▶ **Task statement**
Starting at the line below that contains "VINTAGE STRIPED FLORAL" and ending at the line that contains "无添加 新梅干 198g/袋", retype each line exactly as it stands, but omit the pictures.

::: Data shown

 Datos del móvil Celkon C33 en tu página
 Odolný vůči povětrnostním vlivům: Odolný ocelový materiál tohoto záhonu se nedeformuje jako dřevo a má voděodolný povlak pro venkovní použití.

::::::
::: Data shown

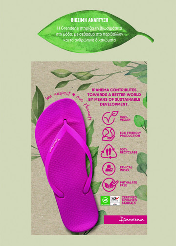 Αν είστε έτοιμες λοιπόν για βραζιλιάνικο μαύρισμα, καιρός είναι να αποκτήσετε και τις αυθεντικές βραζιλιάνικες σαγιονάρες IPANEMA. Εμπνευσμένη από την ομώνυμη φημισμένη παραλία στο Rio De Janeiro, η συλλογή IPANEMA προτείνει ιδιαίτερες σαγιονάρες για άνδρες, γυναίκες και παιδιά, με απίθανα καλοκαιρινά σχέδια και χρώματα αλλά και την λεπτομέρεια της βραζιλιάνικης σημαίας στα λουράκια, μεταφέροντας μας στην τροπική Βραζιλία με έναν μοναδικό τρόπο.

::::::
::: Data shown

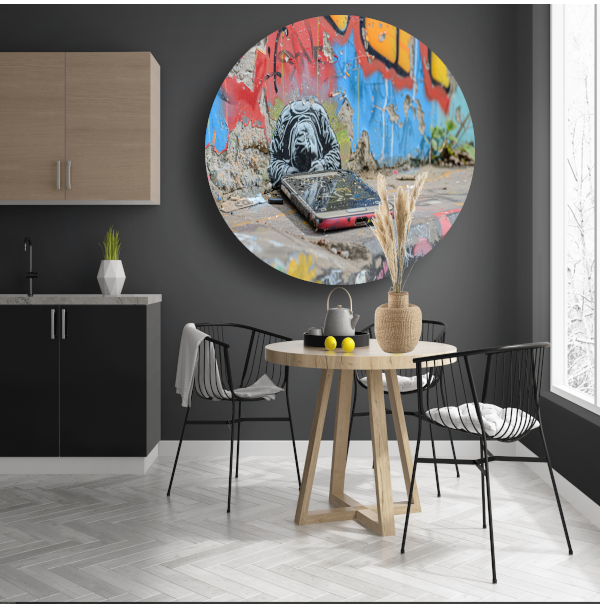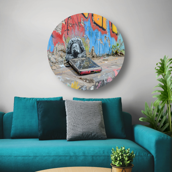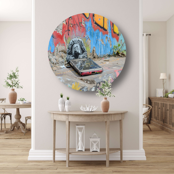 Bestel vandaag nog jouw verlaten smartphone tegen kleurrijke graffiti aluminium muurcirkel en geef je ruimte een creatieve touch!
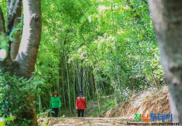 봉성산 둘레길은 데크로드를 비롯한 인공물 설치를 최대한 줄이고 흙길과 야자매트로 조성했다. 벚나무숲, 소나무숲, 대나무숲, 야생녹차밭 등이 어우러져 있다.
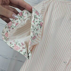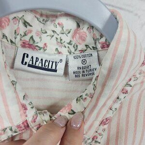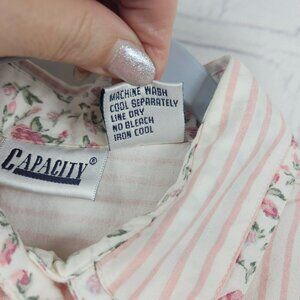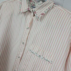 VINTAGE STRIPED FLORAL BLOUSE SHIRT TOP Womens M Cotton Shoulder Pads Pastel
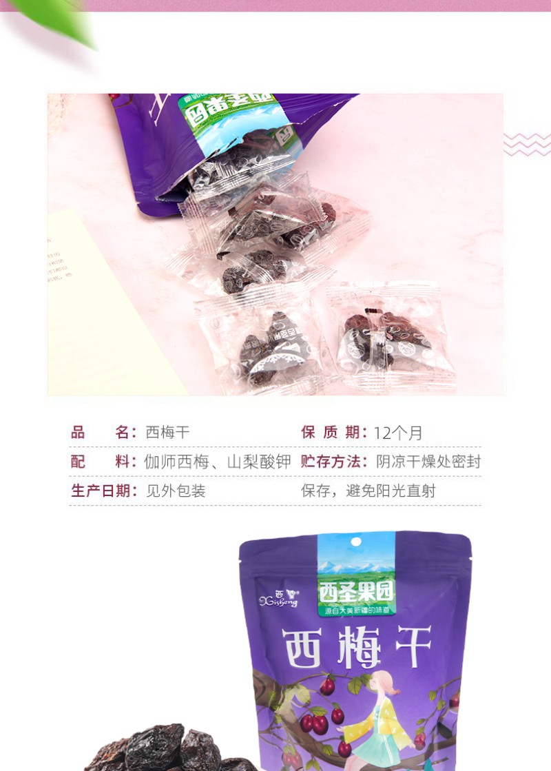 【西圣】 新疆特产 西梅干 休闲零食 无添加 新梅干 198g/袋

::::::

▶ **Task output**
 VINTAGE STRIPED FLORAL BLOUSE SHIRT TOP Womens M Cotton Shoulder Pads Pastel
 【西圣】 新疆特产 西梅干 休闲零食 无添加 新梅干 198g/袋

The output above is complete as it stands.